══ DATASET
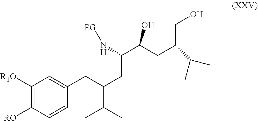 Synthesis of ((1 S,2S,4S)-2-Hydroxy-4-hydroxymethyl-1-{(S)-2-[4-methoxy-3-(3-methoxy-propoxy)-benzyl]-3-methyl-butyl}-5-methyl-hexyl)-carbamic acid tert-butyl ester Compound XXV
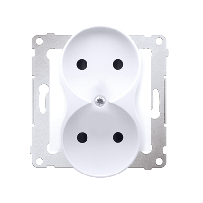 Simon 54 WMDW-00200M-011 Gniazdo wtyczkowe bez uziemienia z przesłonami podwójne (moduł) 16A, 250V~, zaciski śrubowe; biały Do ramek S54 PREMIUM
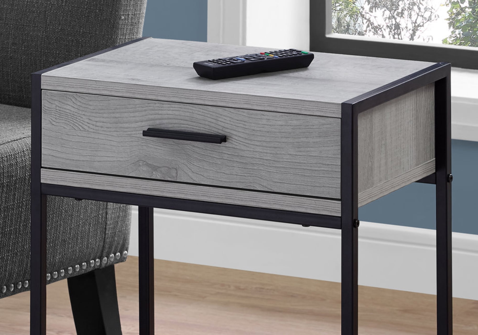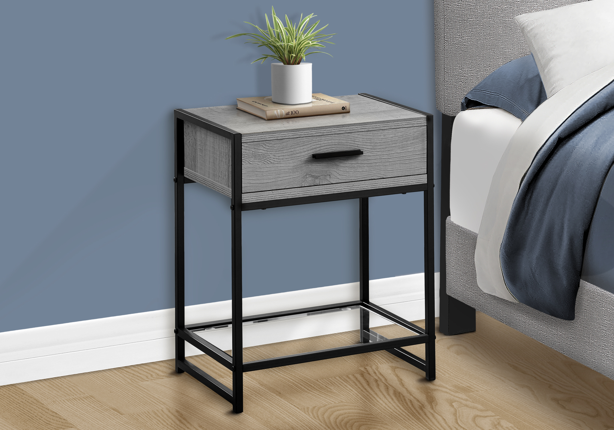 One storage drawer on metal glides with a sleek black metal handle Clear tempered glass bottom shelf for added storage or to showcase a decorative object Modern design with a stylish grey wood-grain finish Strong black metal frame Compact size and versatile to use as an end table or nightstand
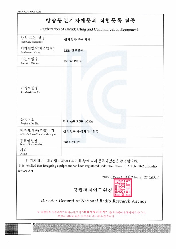 KCÀÎÁõ¹øÈ£ : R-R-sgE-RGB-2CH
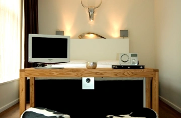 Shared entrance. Entrance on the 1st / 2nd or 3rd floor. Entrance of studio which is situated at the front with fantastic views over the Witte or at the backsite. The studios are equipped with a double bed, two seater sofa, coffee table and TV. The breakfast bar is provided with a coffee maker, electric kettle, and refrigerator. The bathroom features a bathtub, washbasin, mirror and toilet.
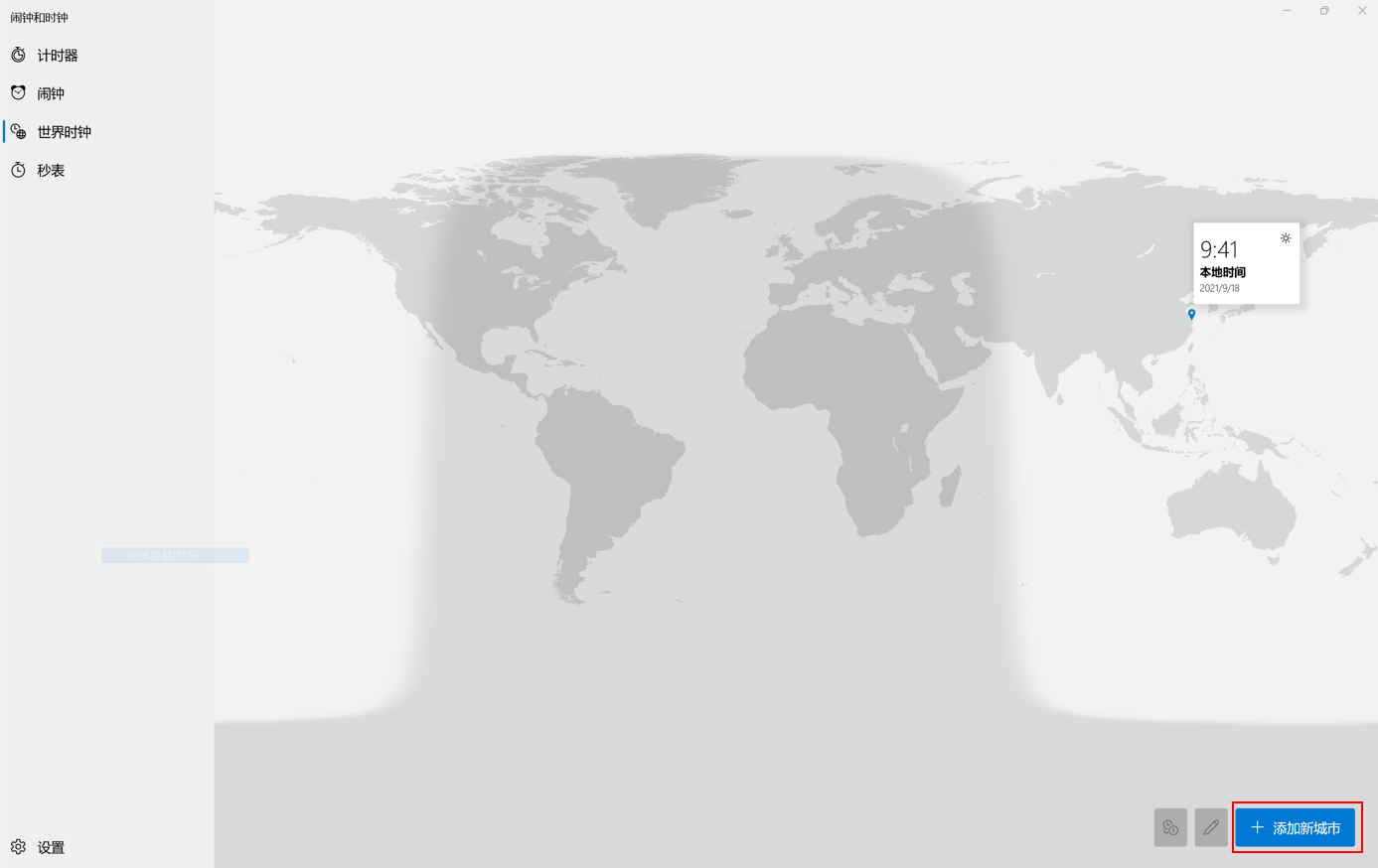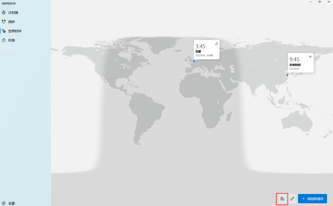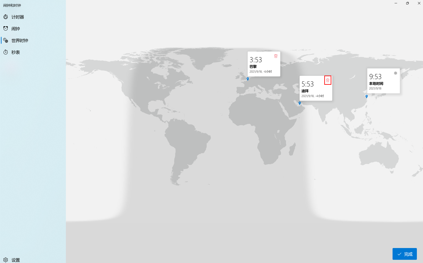 若要删除位置,点击右下角的“编辑时钟”按钮,在对应的城市图标上点击“删除”图标。
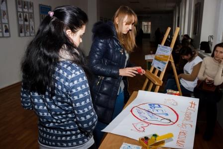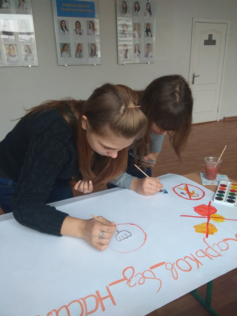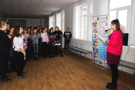 Студентам був запропонований відеолекторій на тему «Торгівля людьми - небезпеку видно не одразу», та розповсюджено інформаційні листівки на тему «Профілактика насилля в сім`ї», та «Не стань жертвою тогрівців людьми!». Дана тема особливо актуальна саме серед студентської молоді, тому що студенти – це майбутні молоді спеціалісти та фахівці. Після отримання освіти вони починають пошуки роботи, але часто стикаються з тим, що без досвіду роботи важко знайти підходяще місце. Роботодавці неохоче беруть вчорашніх студентів. А навкруги купа оголошень про роботу за кордоном з привабливими умовами та ще привабливішою зарплатнею. Але така «казкова» робота може виявитися пасткою!
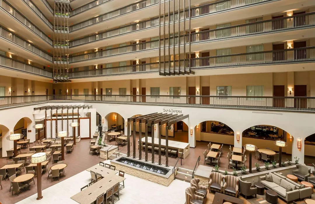 All rooms at Embassy Suites are spacious two-room suites equipped with air conditioning, flat-screen TVs, and private bathrooms featuring designer toiletries. Guests will also find amenities like microwaves, refrigerators, and Wi-Fi, which include premium bedding and garden baths in select rooms.
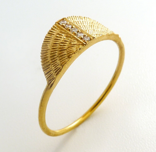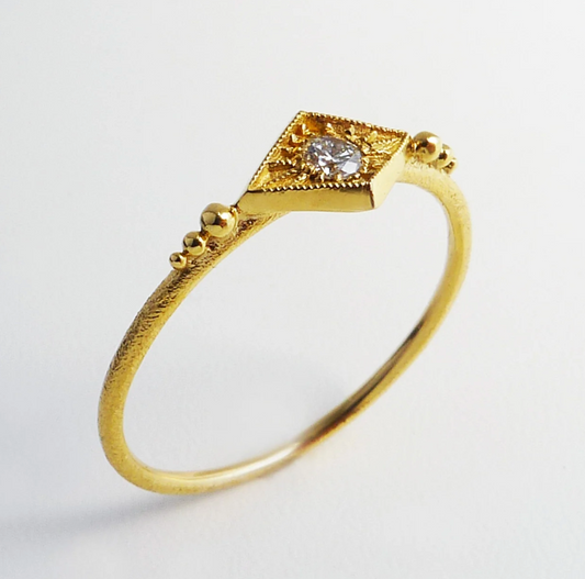 Carefully using old world and modern methods of model making to capture rich and intimate detail, his designs hold a distinctive aesthetic. One that values the human hand in ancient methods while in balance with modern execution. This process often involves spending countless hours working under magnification creating prototypes to insure quality and detail within each piece. While complex and labored in approach, it serves to honor both the craft of goldsmithing and the wearer. Whether a symbol of love, mysticism or celebration of life, great pride is taken in the notion these pieces will be treasured in the lives they become a part of.
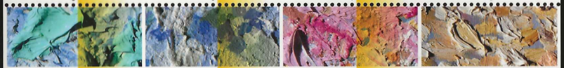 Aan de onderkant van het postzegelvel staan vier fragmenten uit sneeuwschilderijen met grillige reliëf-structuren met hoge en lage gedeelten, waarin schaduwen zijn te ontdekken. Op afstand lijkt dit werk toch vrij egaal van kleur te zijn, dat Wolkers karakteriseert als “Sneeuwstormen van kleur, die vol zitten met gedachten en herinneringen.”
════
From the first line to the last, copy the records above exactly and leave out the pictures.

 Synthesis of ((1 S,2S,4S)-2-Hydroxy-4-hydroxymethyl-1-{(S)-2-[4-methoxy-3-(3-methoxy-propoxy)-benzyl]-3-methyl-butyl}-5-methyl-hexyl)-carbamic acid tert-butyl ester Compound XXV
 Simon 54 WMDW-00200M-011 Gniazdo wtyczkowe bez uziemienia z przesłonami podwójne (moduł) 16A, 250V~, zaciski śrubowe; biały Do ramek S54 PREMIUM
 One storage drawer on metal glides with a sleek black metal handle Clear tempered glass bottom shelf for added storage or to showcase a decorative object Modern design with a stylish grey wood-grain finish Strong black metal frame Compact size and versatile to use as an end table or nightstand
 KCÀÎÁõ¹øÈ£ : R-R-sgE-RGB-2CH
 Shared entrance. Entrance on the 1st / 2nd or 3rd floor. Entrance of studio which is situated at the front with fantastic views over the Witte or at the backsite. The studios are equipped with a double bed, two seater sofa, coffee table and TV. The breakfast bar is provided with a coffee maker, electric kettle, and refrigerator. The bathroom features a bathtub, washbasin, mirror and toilet.
 若要删除位置,点击右下角的“编辑时钟”按钮,在对应的城市图标上点击“删除”图标。
 Студентам був запропонований відеолекторій на тему «Торгівля людьми - небезпеку видно не одразу», та розповсюджено інформаційні листівки на тему «Профілактика насилля в сім`ї», та «Не стань жертвою тогрівців людьми!». Дана тема особливо актуальна саме серед студентської молоді, тому що студенти – це майбутні молоді спеціалісти та фахівці. Після отримання освіти вони починають пошуки роботи, але часто стикаються з тим, що без досвіду роботи важко знайти підходяще місце. Роботодавці неохоче беруть вчорашніх студентів. А навкруги купа оголошень про роботу за кордоном з привабливими умовами та ще привабливішою зарплатнею. Але така «казкова» робота може виявитися пасткою!
 All rooms at Embassy Suites are spacious two-room suites equipped with air conditioning, flat-screen TVs, and private bathrooms featuring designer toiletries. Guests will also find amenities like microwaves, refrigerators, and Wi-Fi, which include premium bedding and garden baths in select rooms.
 Carefully using old world and modern methods of model making to capture rich and intimate detail, his designs hold a distinctive aesthetic. One that values the human hand in ancient methods while in balance with modern execution. This process often involves spending countless hours working under magnification creating prototypes to insure quality and detail within each piece. While complex and labored in approach, it serves to honor both the craft of goldsmithing and the wearer. Whether a symbol of love, mysticism or celebration of life, great pride is taken in the notion these pieces will be treasured in the lives they become a part of.
 Aan de onderkant van het postzegelvel staan vier fragmenten uit sneeuwschilderijen met grillige reliëf-structuren met hoge en lage gedeelten, waarin schaduwen zijn te ontdekken. Op afstand lijkt dit werk toch vrij egaal van kleur te zijn, dat Wolkers karakteriseert als “Sneeuwstormen van kleur, die vol zitten met gedachten en herinneringen.”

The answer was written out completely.